2. In the said elections, there were four candidates for the position of Member of National Assembly for Teso South Constituency. At the conclusion of counting and tallying, each candidate garnered votes as follows:
CANDIDATE VOTES GARNERED
1. Emurugata Alfred 1,420
2. Musumba Denzil Edung’ulot 2,286
3. Hon. Omuse Geoffrey 22,840
4. Otucho Mary Emaase 22,493
3. The 1st respondent was therefore declared the winner by the 2nd respondent. He was subsequently gazetted as a duly elected Member of Parliament for Teso South Constituency. This aggrieved the petitioner and led to the filing of this petition.
4. The Petitioner, Mary Emaase Otucho, was a candidate sponsored by the Jubilee Party for the Teso South Constituency in Busia County in the said election held on 8th August 2017.
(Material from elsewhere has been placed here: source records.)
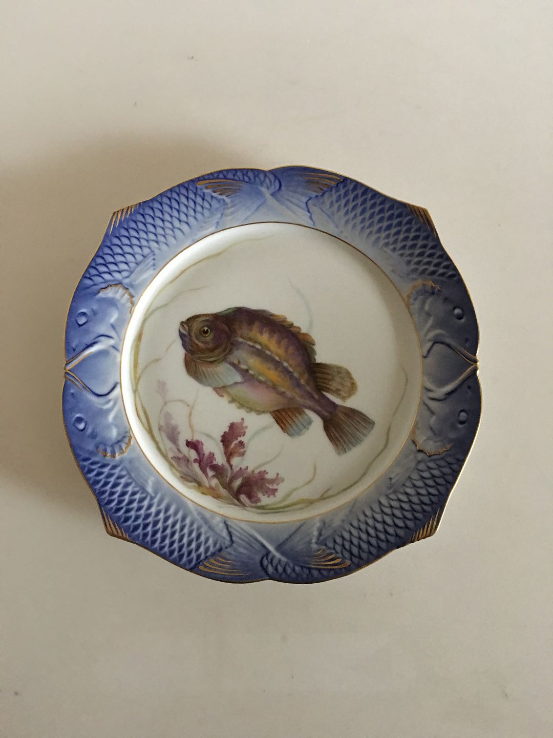 Royal Copenhagen Blå Fisketallerken med Guld No 1212/3002. Med Cyclopterus Lumpus 23 cm. I perfekt stand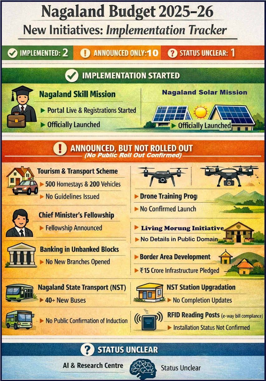With just one quarter left in the financial cycle, a review of the Nagaland Budget 2025–26 showed that only a limited number of new initiatives announced in the budget had translated into visible implementation.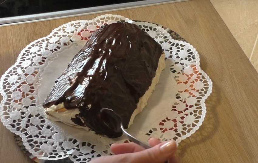 - Края пищевой пленки отгибаем обратно. Щедро смазываем торт шоколадом, так, чтобы все печенье было покрыто им.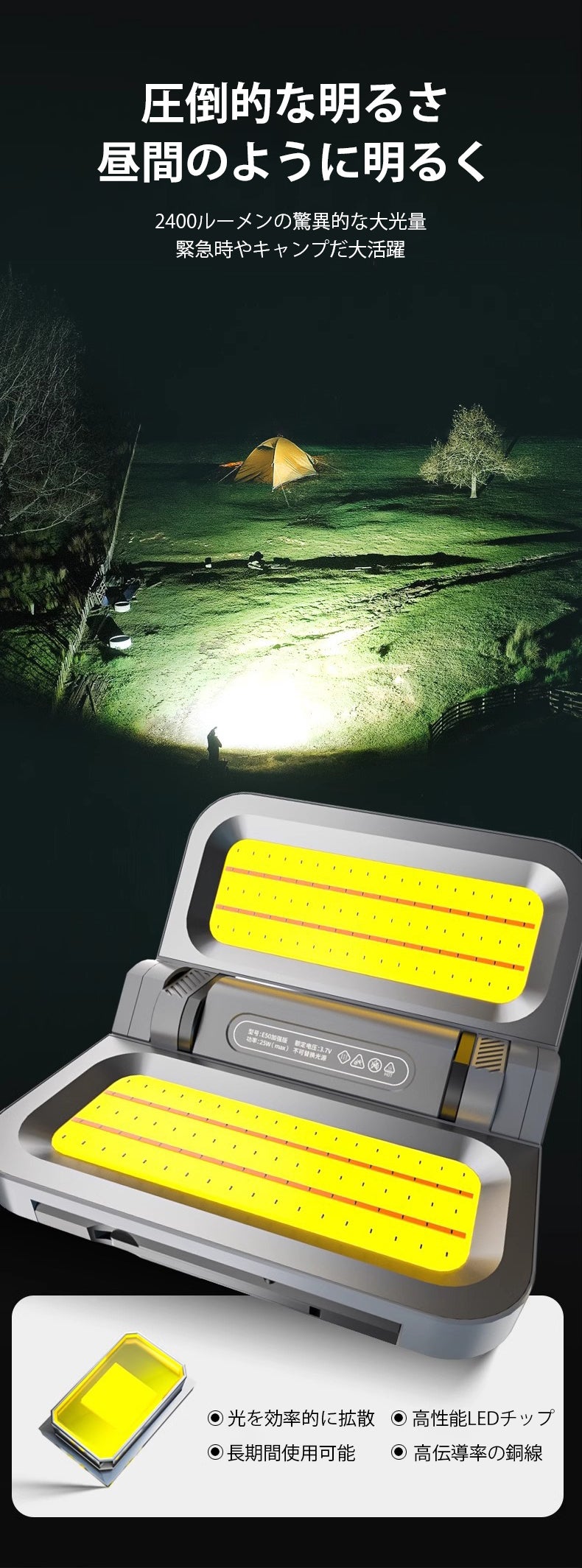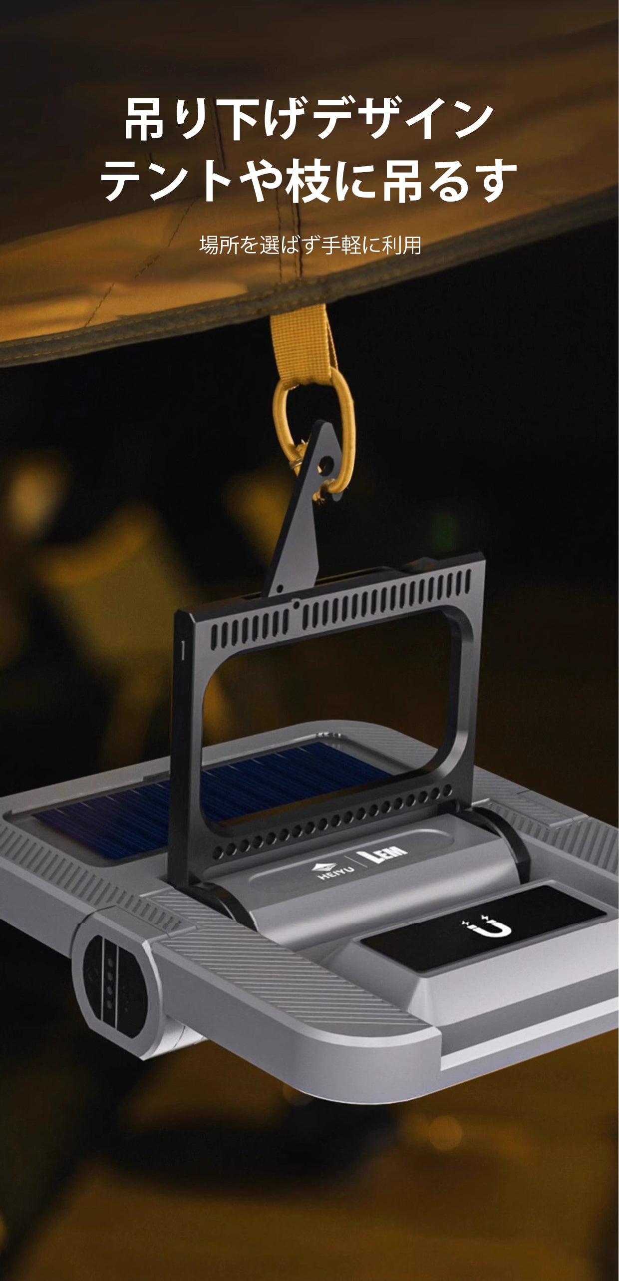 革新的な折り畳みデザインにより、160㎡の広範囲照明を実現し、アウトドアや防災時にも頼れる明るさを提供します。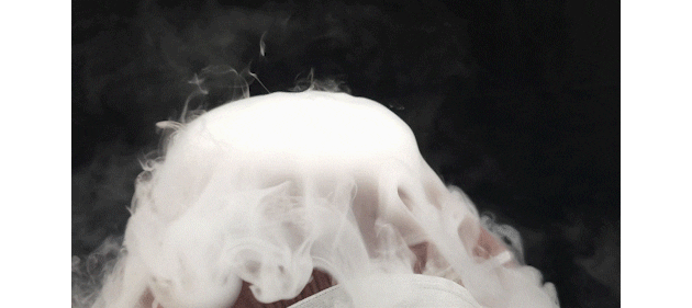 ドライアイスで内部ポーチ生地の通気性を示すテストです。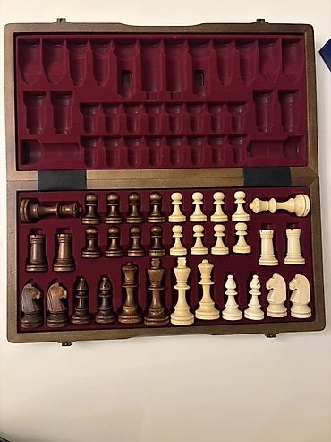 - Fiqurlar: İki rəng taxta fiqur komplekti (ağ və qəhvəyi). Aşağı hissələri yaşıl filt örtüklüdür – lövhədə hamar hərəkət və səsin azalması üçün.

5. The 1st Respondent, Geoffrey Omuse, was a candidate sponsored by the Orange Democratic Movement in the said election. He was declared as the duly elected Member of National Assembly, Teso South Constituency in Busia County in the General election held on 8th August 2017. He was subsequently gazetted and sworn in in accordance with the law.
6. The 2nd Respondent is the Constitutional body established under Article 88 and Article 248(2) (c) of the Constitution with a mandate to conduct free, fair, transparent and verifiable elections among other functions.
7. The petitioners raised the following grounds of petition:
(a) Violation of the principles of a free and fair election and electoral process;
(b) Erroneous counting and tabulation of results;
(c) Votes cast in favour of the petitioner were treated as rejected votes.
(d) There were cancelations and alteration aimed at manipulating the results;
(e) Obstruction and harassment of authorized party agents;
(f) Improper influence, violence, threats and intimidation by the Governor Busia County.
(g) Illegal practices and election offences and bias committed by electoral officials.
8. These allegations were denied by both respondents who maintained that the election was conducted in compliance with both the Constitution and the statutory laws and procedures.
9. From the pleadings and the issues that the parties filed the following issues for determination emerged:
(a) Whether the election for the member of National Assembly for Teso South constituency was marred by violence and whether the same affected the results of the said election;
(b) Whether there was erroneous counting and tabulation of votes and if so, whether it affected the final result;
(c) Whether the votes that were declared rejected were cast in favour of the petitioner;
(d) Whether there were cancelations and alteration aimed at manipulating the results;
(e) Whether there were breaches and irregularities that can result in the annulment of the results declared in respect of elections held on 8th August 2017 for Member of Parliament for Teso South Constituency; and
(f) Who is entitled to the costs of this petition?
10. In determining these issues, I will at all times bear in mind that the onus of proof is borne by the party who alleges a fact. In this case, the petitioner. The court in the case of JOEL NYABUTO OMWEGA & 2 OTHERS vs. INDEPENDENT ELECTORAL AND BOUNDARIES COMMISSION & ANOTHER (2013) eKLR stated as follows:
The Burden of proof in election Petitions as in other civil cases is settled. It lies on the Petitioner to prove his case to the satisfaction of the Court….. an Applicant who seeks to annul an election bears the burden of proof throughout.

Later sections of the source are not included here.